=== RECORD SET ===

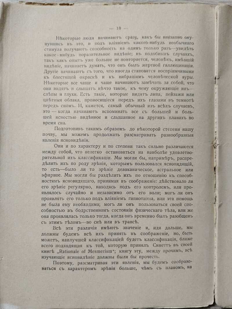Чарльз Уэбстер Ледбитер (1854-1934) - британский оккультист, масон, писатель, один из лидеров Теософического общества, после 1907 г. избирался его президентом, пропагандировал новую Вселенскую религию. В книге описаны различные типы ясновидения, душевные состояния, пути к их контролю и практики, помогающие развить скрытые способности души. Приводится масса примеров природных возможностей отдельных людей прозревать сквозь пространства и время. Автор рассуждает о том, как определить или почувствовать в себе способность к ясновидению. Описаны различные степени и формы визионерства. Среди них простое полное ясновидение, намеренное и полу-намеренное ясновидение в пространстве.
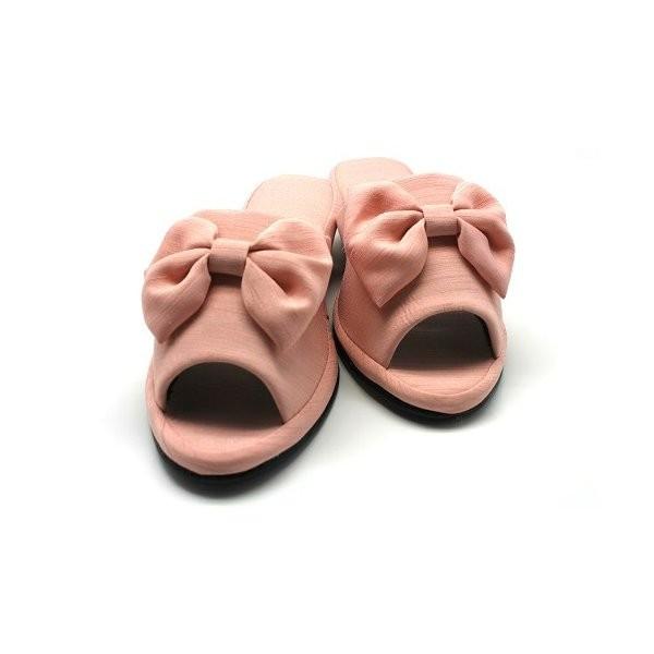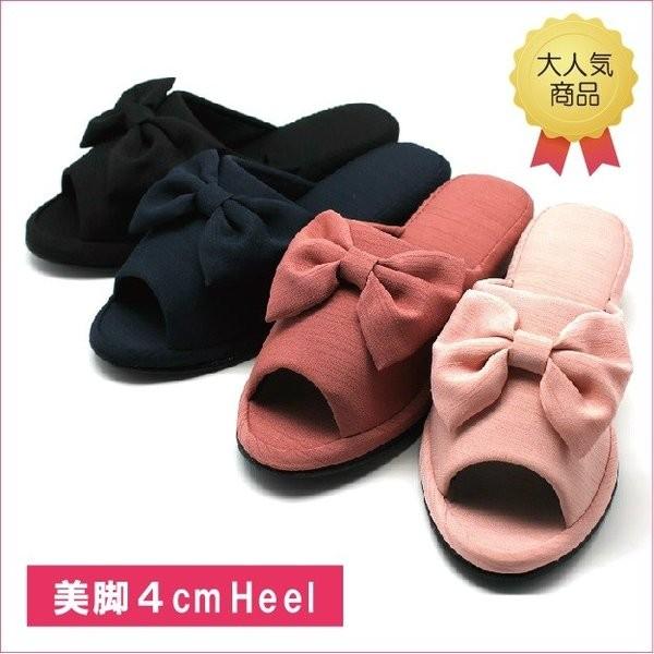 送料無料!かかとが潰れにくいおしゃれなシャンタンリボンヒールスリッパ
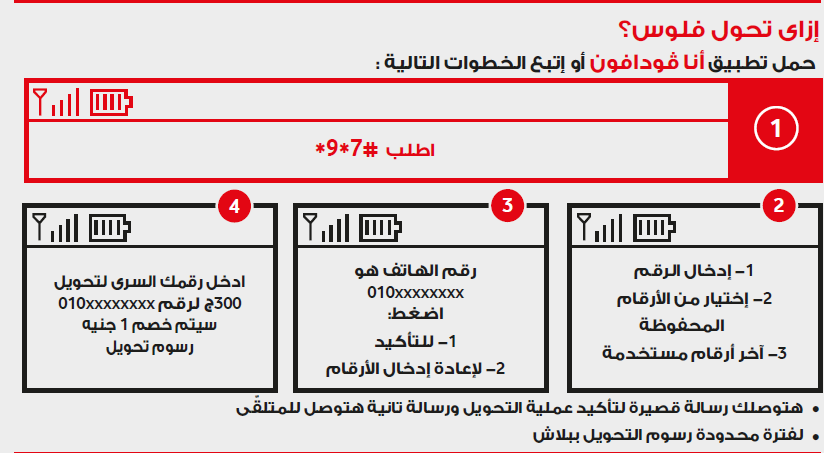 - رسوم التحويل 1 جنيه عند التحويل لمحفظة فودافون كاش.
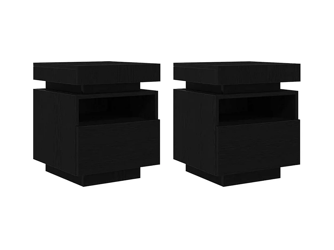 Mesita de Noche | Armario de Noche | Mesa auxiliar con cajón 2 uds. Roble negro 40x39x48.5 cm
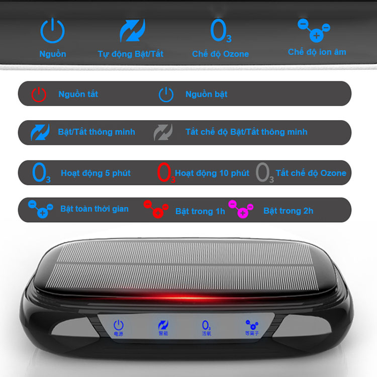 - Máy lọc không khí ô tô năng lượng mặt trời tạo Ozone và ion âm, diệt mùi khử khuẩn trên xe hơi để bảo vế sức khoẻ.
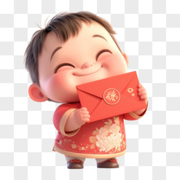 3D卡通新年装饰元素拿红包的小男孩免抠元素
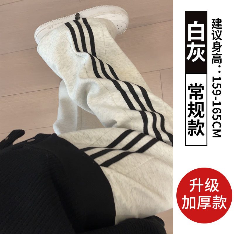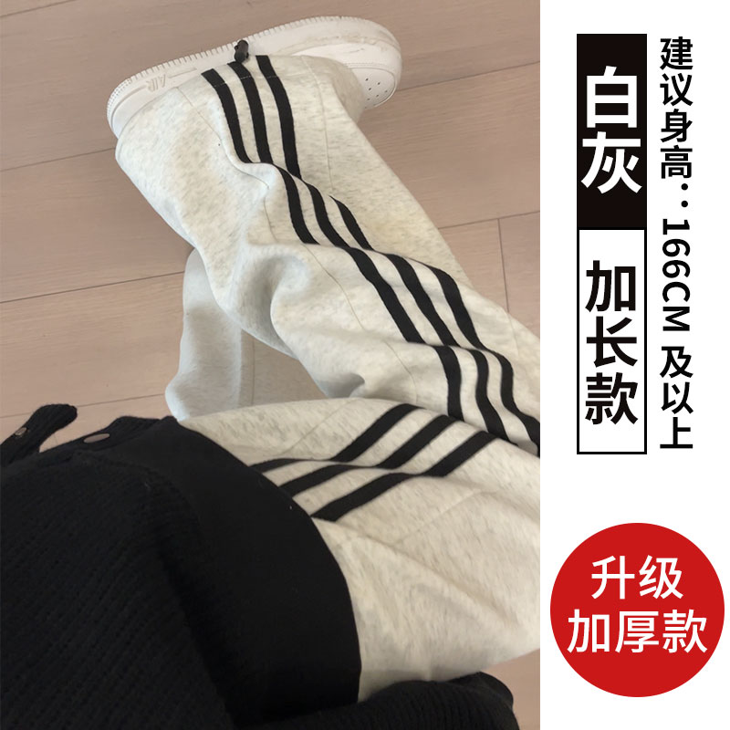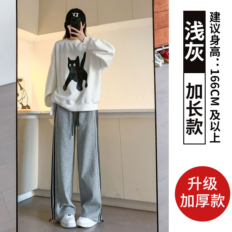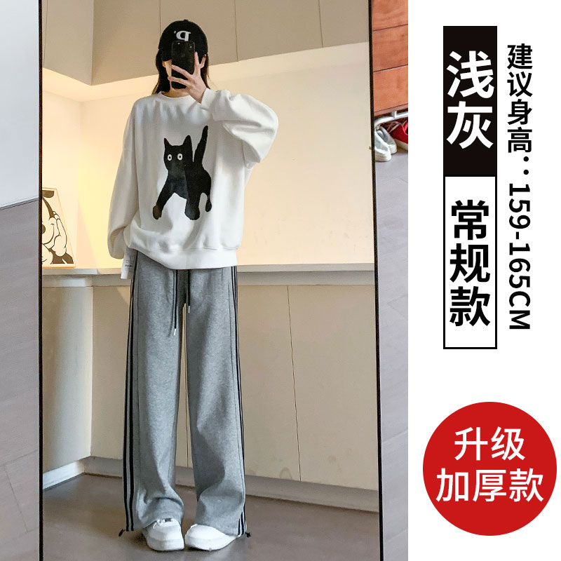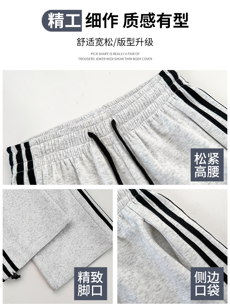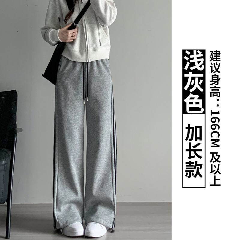 黑色条纹运动裤女秋季2025新款高腰阔腿裤小个子休闲宽松直筒卫裤

===

(WORK INSTRUCTIONS):
Return the entries unchanged, save for the pictures, which do not belong in the copy.

(ANSWER BOX):
Чарльз Уэбстер Ледбитер (1854-1934) - британский оккультист, масон, писатель, один из лидеров Теософического общества, после 1907 г. избирался его президентом, пропагандировал новую Вселенскую религию. В книге описаны различные типы ясновидения, душевные состояния, пути к их контролю и практики, помогающие развить скрытые способности души. Приводится масса примеров природных возможностей отдельных людей прозревать сквозь пространства и время. Автор рассуждает о том, как определить или почувствовать в себе способность к ясновидению. Описаны различные степени и формы визионерства. Среди них простое полное ясновидение, намеренное и полу-намеренное ясновидение в пространстве.
 送料無料!かかとが潰れにくいおしゃれなシャンタンリボンヒールスリッパ
 - رسوم التحويل 1 جنيه عند التحويل لمحفظة فودافون كاش.
 Mesita de Noche | Armario de Noche | Mesa auxiliar con cajón 2 uds. Roble negro 40x39x48.5 cm
 - Máy lọc không khí ô tô năng lượng mặt trời tạo Ozone và ion âm, diệt mùi khử khuẩn trên xe hơi để bảo vế sức khoẻ.
 3D卡通新年装饰元素拿红包的小男孩免抠元素
 黑色条纹运动裤女秋季2025新款高腰阔腿裤小个子休闲宽松直筒卫裤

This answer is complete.